▸ Saved data entries:

+-------+

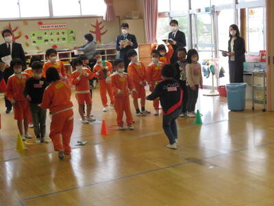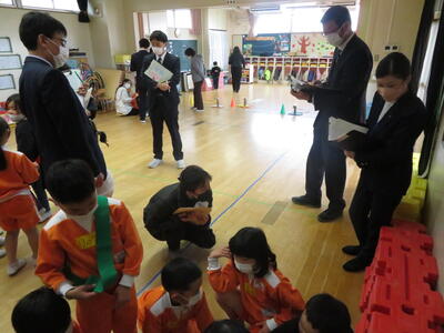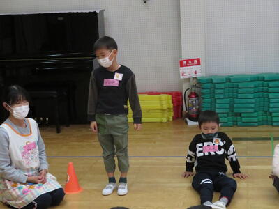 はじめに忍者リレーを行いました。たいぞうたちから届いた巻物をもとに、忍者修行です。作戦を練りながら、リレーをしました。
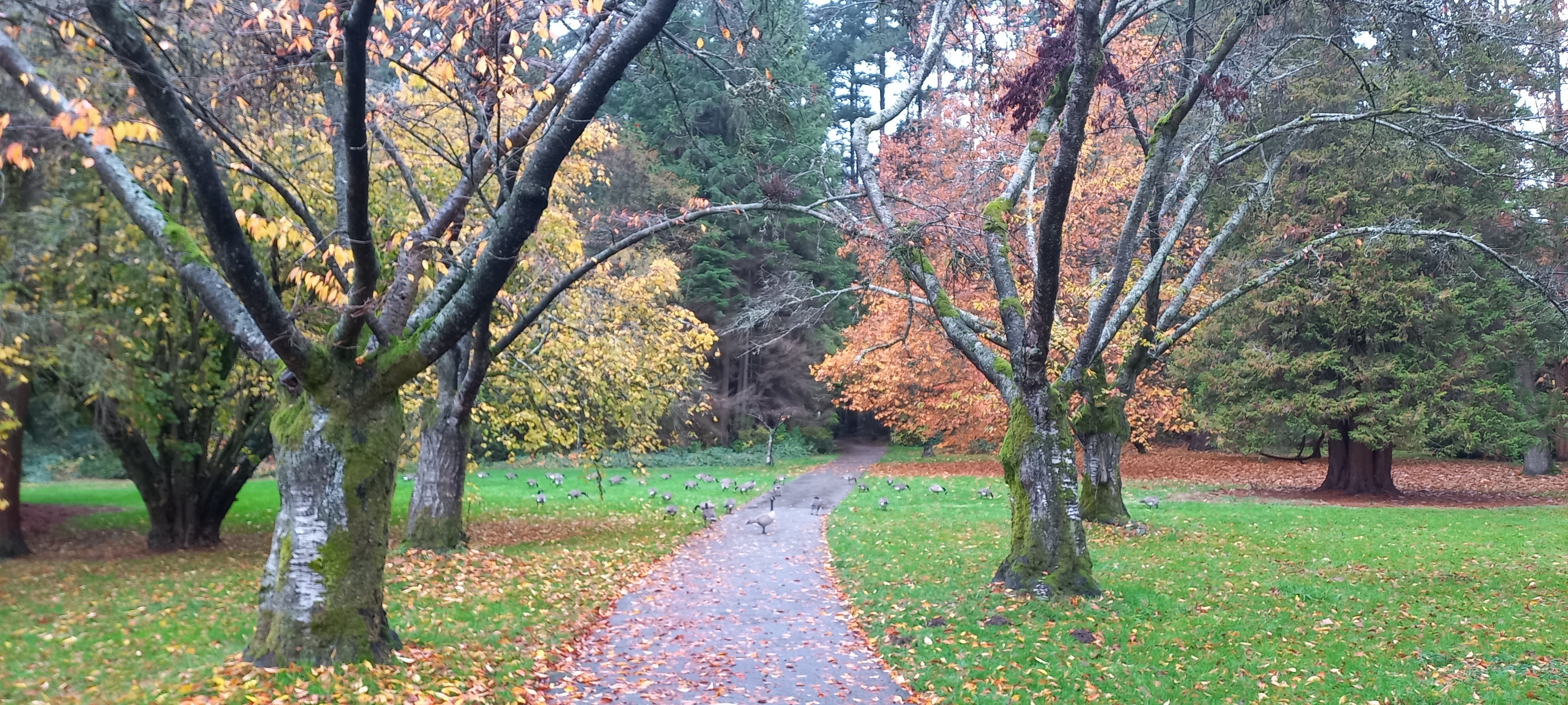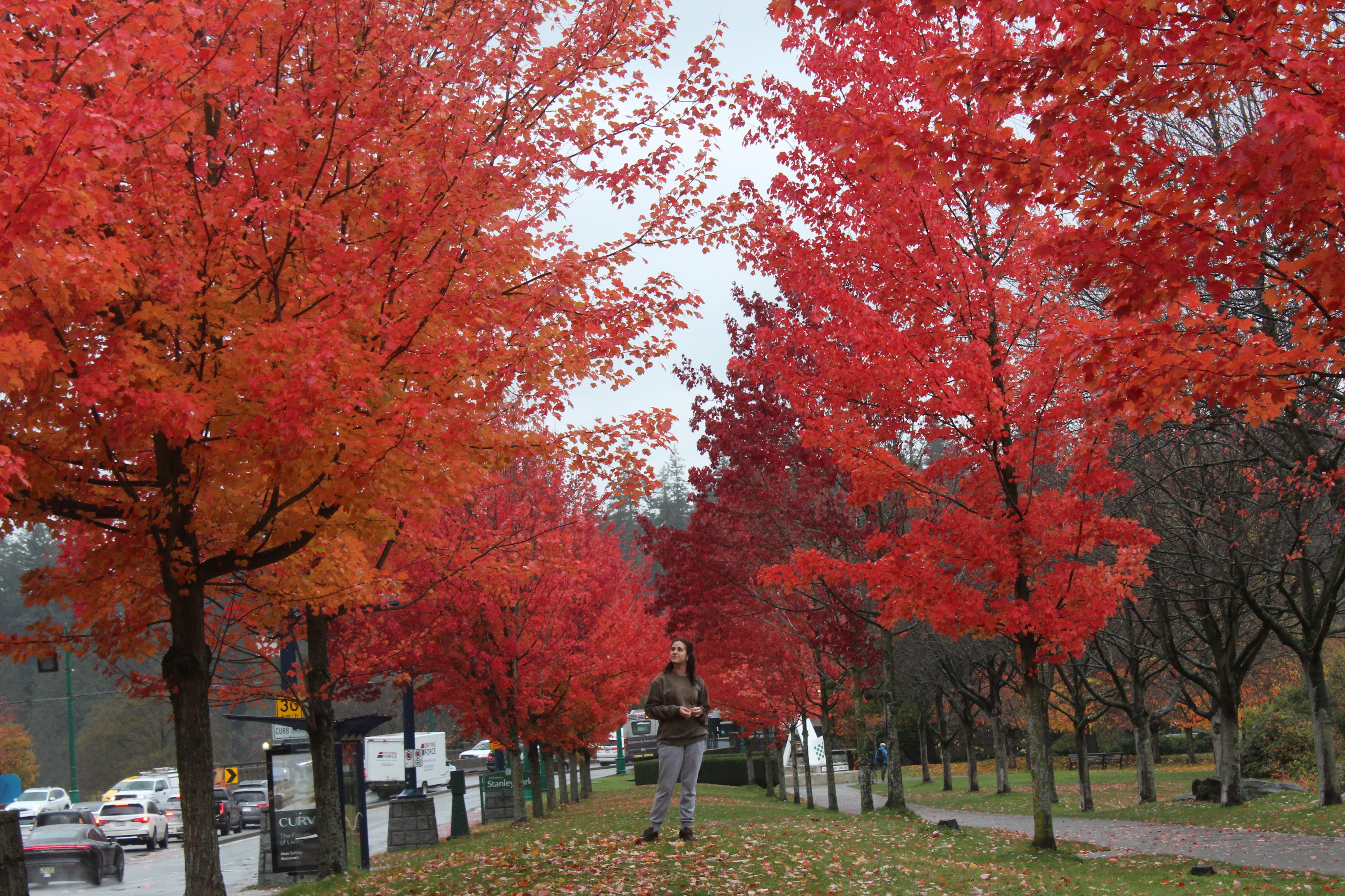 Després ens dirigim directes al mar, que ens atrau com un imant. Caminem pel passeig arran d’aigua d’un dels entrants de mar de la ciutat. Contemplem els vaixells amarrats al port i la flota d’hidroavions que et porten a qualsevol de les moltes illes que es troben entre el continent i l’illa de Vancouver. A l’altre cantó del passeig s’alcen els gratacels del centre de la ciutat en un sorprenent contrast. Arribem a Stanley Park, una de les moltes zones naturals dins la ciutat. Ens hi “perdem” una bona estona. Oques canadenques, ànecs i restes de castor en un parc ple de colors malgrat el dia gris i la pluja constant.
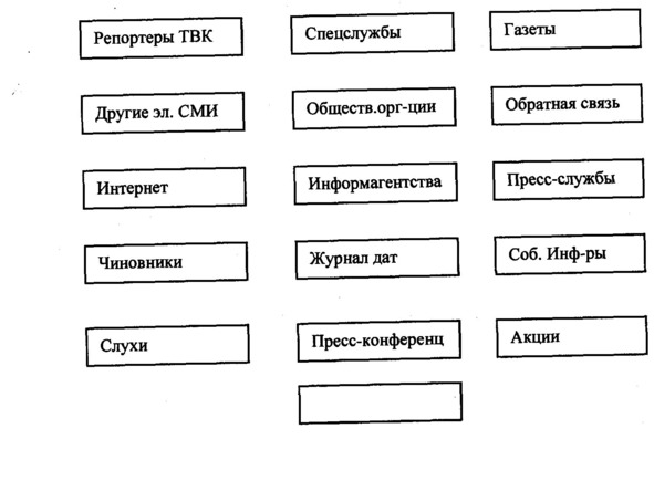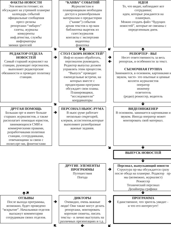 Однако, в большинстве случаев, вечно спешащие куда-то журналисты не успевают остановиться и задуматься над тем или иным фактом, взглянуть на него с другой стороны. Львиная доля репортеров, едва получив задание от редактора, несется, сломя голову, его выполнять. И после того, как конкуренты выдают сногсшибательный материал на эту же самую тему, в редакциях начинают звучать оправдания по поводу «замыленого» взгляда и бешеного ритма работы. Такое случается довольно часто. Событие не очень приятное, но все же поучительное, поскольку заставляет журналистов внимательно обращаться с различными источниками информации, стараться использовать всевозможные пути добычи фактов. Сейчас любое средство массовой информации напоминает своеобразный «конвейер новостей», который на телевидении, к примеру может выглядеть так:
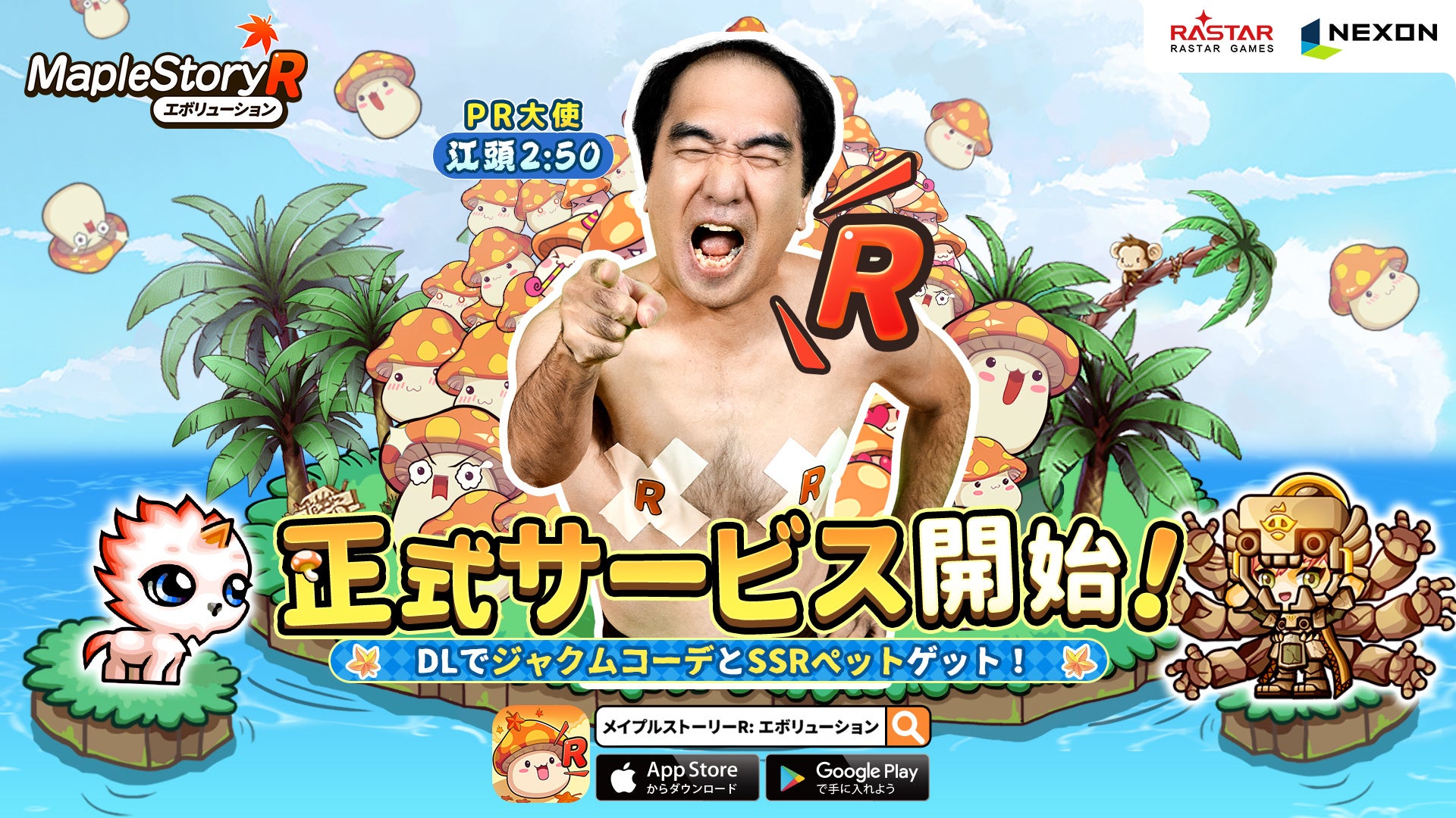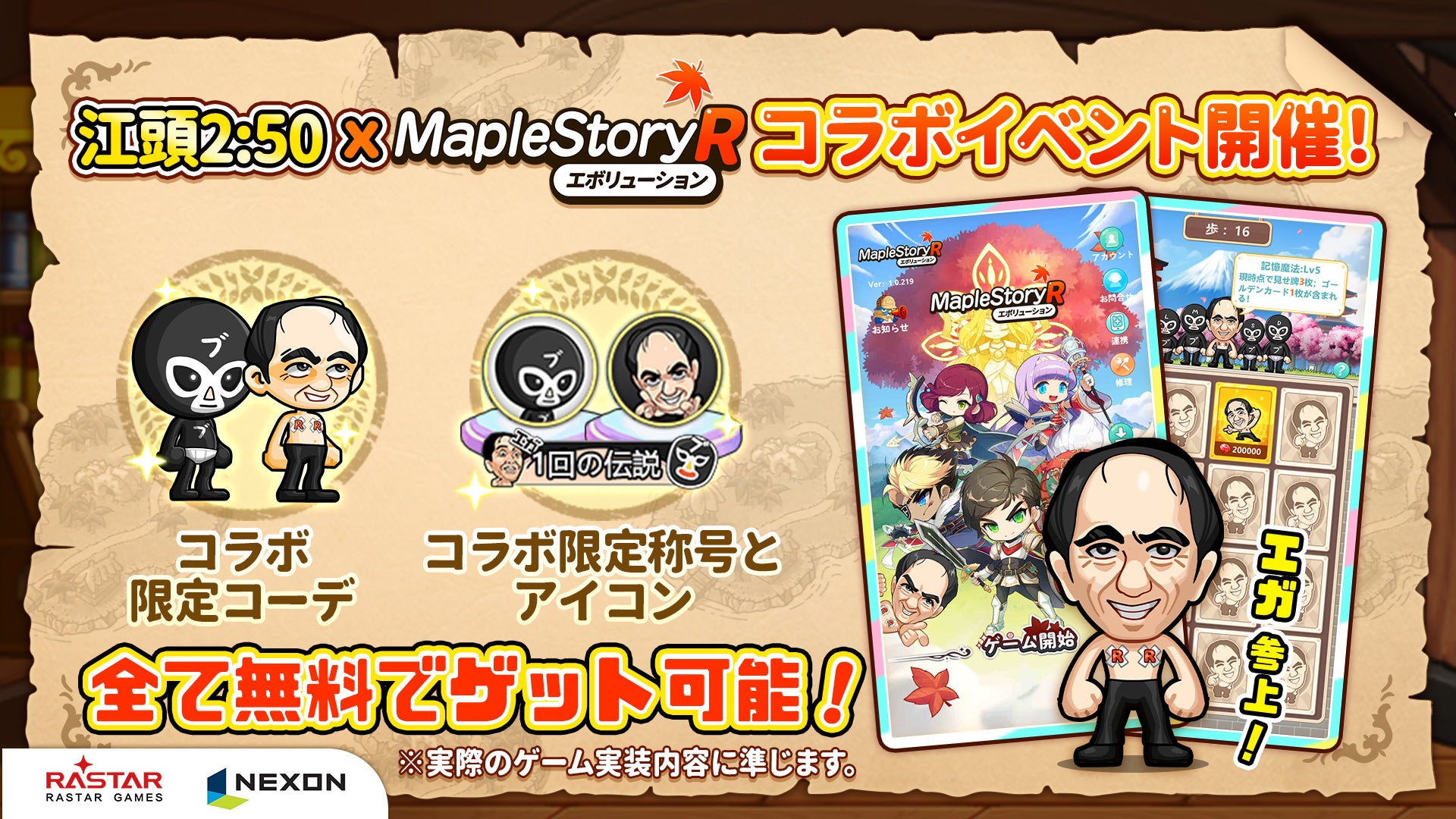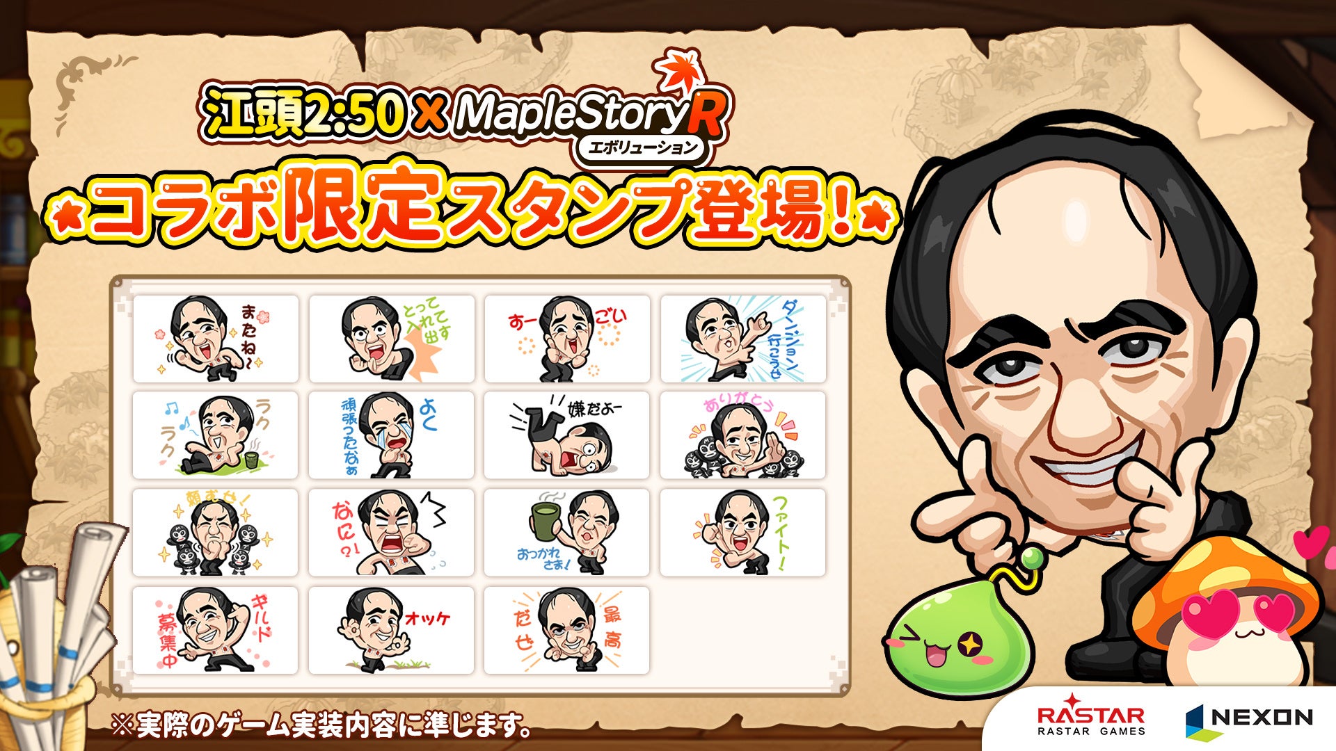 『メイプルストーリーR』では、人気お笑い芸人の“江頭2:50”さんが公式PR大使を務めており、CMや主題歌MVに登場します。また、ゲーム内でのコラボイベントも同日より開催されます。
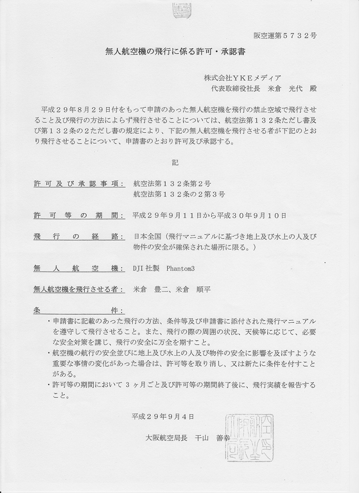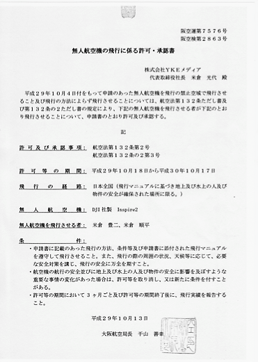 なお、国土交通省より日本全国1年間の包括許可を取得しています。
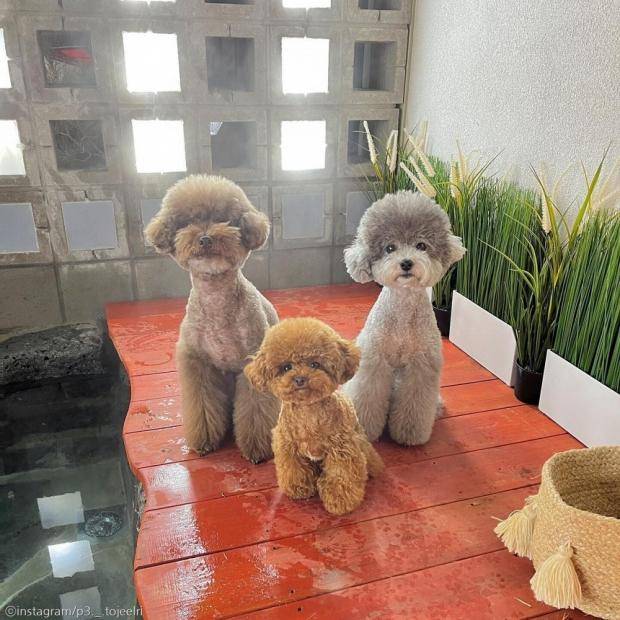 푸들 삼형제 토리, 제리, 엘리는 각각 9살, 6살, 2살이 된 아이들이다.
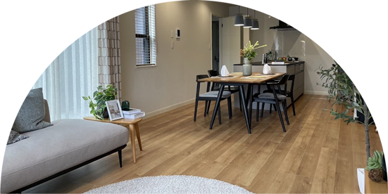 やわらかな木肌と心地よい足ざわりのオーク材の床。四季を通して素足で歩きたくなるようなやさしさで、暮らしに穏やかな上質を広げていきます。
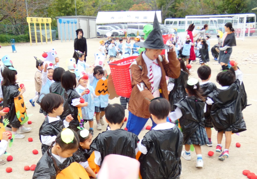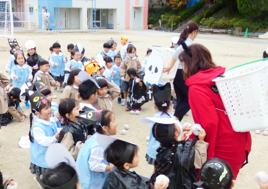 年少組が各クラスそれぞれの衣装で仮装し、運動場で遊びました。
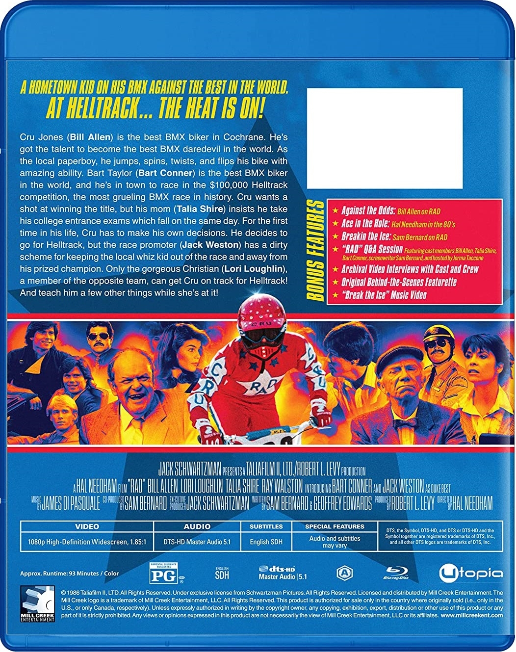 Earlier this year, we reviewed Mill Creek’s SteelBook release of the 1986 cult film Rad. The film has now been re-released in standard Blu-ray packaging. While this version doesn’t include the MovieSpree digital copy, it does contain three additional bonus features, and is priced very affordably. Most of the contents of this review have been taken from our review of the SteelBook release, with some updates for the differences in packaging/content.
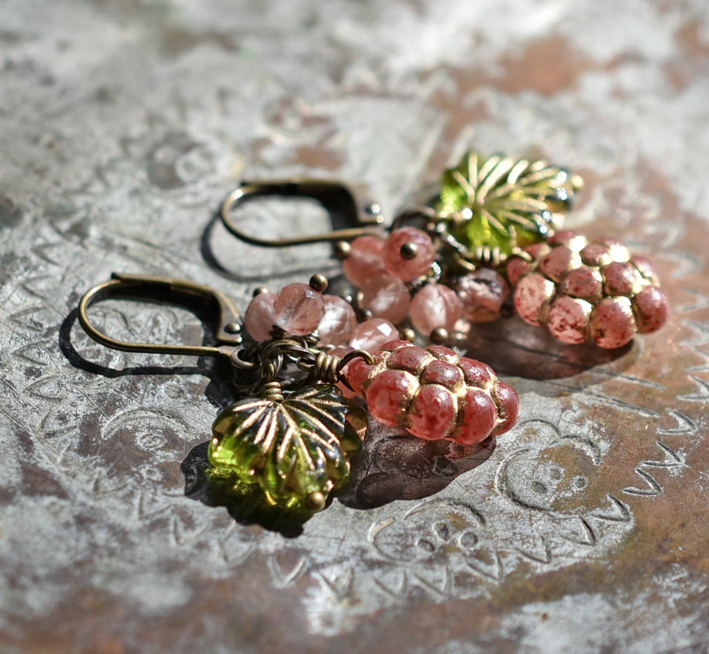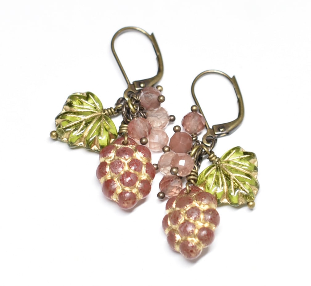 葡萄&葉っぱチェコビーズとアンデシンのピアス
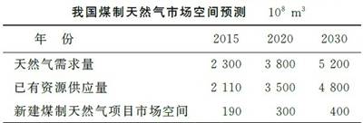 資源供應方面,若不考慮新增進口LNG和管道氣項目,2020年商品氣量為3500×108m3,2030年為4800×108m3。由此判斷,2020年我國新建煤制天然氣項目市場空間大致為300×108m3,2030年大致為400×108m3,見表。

+-------+

▸ WHAT IS NEEDED:
The required output is the line containing "葡萄&葉っぱチェコビーズとアンデシンのピアス" plus every line after it to the end of the data, copied exactly and with no pictures.

▸ RESULT OF THIS TASK:
 葡萄&葉っぱチェコビーズとアンデシンのピアス
 資源供應方面,若不考慮新增進口LNG和管道氣項目,2020年商品氣量為3500×108m3,2030年為4800×108m3。由此判斷,2020年我國新建煤制天然氣項目市場空間大致為300×108m3,2030年大致為400×108m3,見表。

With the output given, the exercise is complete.